• _DATASET EXCERPT_:
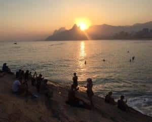 Pôr do Sol (Sonnenuntergang) in Arpoador – Den Sonnenuntergang in Arpoador anzusehen ist Pflicht hier in Rio. Man kann sich mit seinen Freunden treffen und es ist gleichzeitig ein romantischer Ort für ein Date. Kauft euch eine Kokosnuss oder ein cerveja, setzt euch auf den Felsen und schaut euch den Sonnenuntergang an. Manchmal passiert es sogar, dass die Menge applaudiert, wenn die Sonne verschwindet. Arpoador ist nur 10 bis 15 Fußminuten von der Schule entfernt und ein beliebter Treffpunkt unserer Studenten, um sich zu verabreden, zu entspannen und auszutauschen.
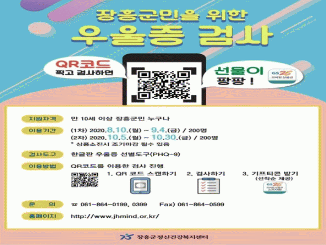 ¸¸ 10¼¼ ÀÌ»ó ÀåÈﱺ¹Î ´©±¸³ª Âü¿©°¡ °¡´ÉÇϸç, 8¿ùºÎÅÍ 10¿ù±îÁö 2Â÷¿¡ °ÉÃÄ ÇÑ±ÛÆÇ ¿ì¿ïÁõ ¼±º°µµ±¸(PHQ-9)¸¦ Ȱ¿ëÇÑ Ä·ÆäÀÎÀ» ÁøÇàÇÑ´Ù.
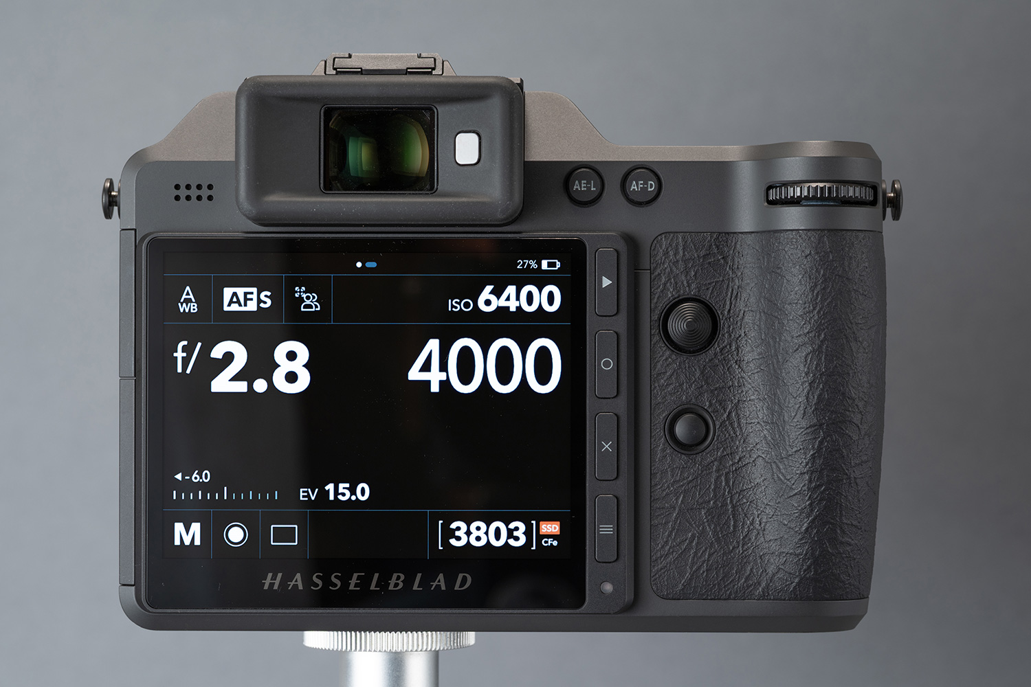 デザインはX2D 100Cとほぼ同じで、中判デジタル機とは思えない薄型形状は健在。ハッセルXシリーズはレンズ側にシャッターがあるため、カメラボディ内にフォーカルプレンシャッター用のスペースが必要ないことが、ボディを薄型にできた最大の要因です。また、X2D 100C以降は動画機能を廃した静止画専用機になっており、動画撮影時に大きな問題となる放熱性に対する対策を過度に行わなくてよいこともボディの薄型化に貢献していると思います。

• _TASK INSTRUCTIONS_:
Print out all the material word for word but exclude any images.

• _EXERCISE OUTPUT_:
 Pôr do Sol (Sonnenuntergang) in Arpoador – Den Sonnenuntergang in Arpoador anzusehen ist Pflicht hier in Rio. Man kann sich mit seinen Freunden treffen und es ist gleichzeitig ein romantischer Ort für ein Date. Kauft euch eine Kokosnuss oder ein cerveja, setzt euch auf den Felsen und schaut euch den Sonnenuntergang an. Manchmal passiert es sogar, dass die Menge applaudiert, wenn die Sonne verschwindet. Arpoador ist nur 10 bis 15 Fußminuten von der Schule entfernt und ein beliebter Treffpunkt unserer Studenten, um sich zu verabreden, zu entspannen und auszutauschen.
 ¸¸ 10¼¼ ÀÌ»ó ÀåÈﱺ¹Î ´©±¸³ª Âü¿©°¡ °¡´ÉÇϸç, 8¿ùºÎÅÍ 10¿ù±îÁö 2Â÷¿¡ °ÉÃÄ ÇÑ±ÛÆÇ ¿ì¿ïÁõ ¼±º°µµ±¸(PHQ-9)¸¦ Ȱ¿ëÇÑ Ä·ÆäÀÎÀ» ÁøÇàÇÑ´Ù.
 デザインはX2D 100Cとほぼ同じで、中判デジタル機とは思えない薄型形状は健在。ハッセルXシリーズはレンズ側にシャッターがあるため、カメラボディ内にフォーカルプレンシャッター用のスペースが必要ないことが、ボディを薄型にできた最大の要因です。また、X2D 100C以降は動画機能を廃した静止画専用機になっており、動画撮影時に大きな問題となる放熱性に対する対策を過度に行わなくてよいこともボディの薄型化に貢献していると思います。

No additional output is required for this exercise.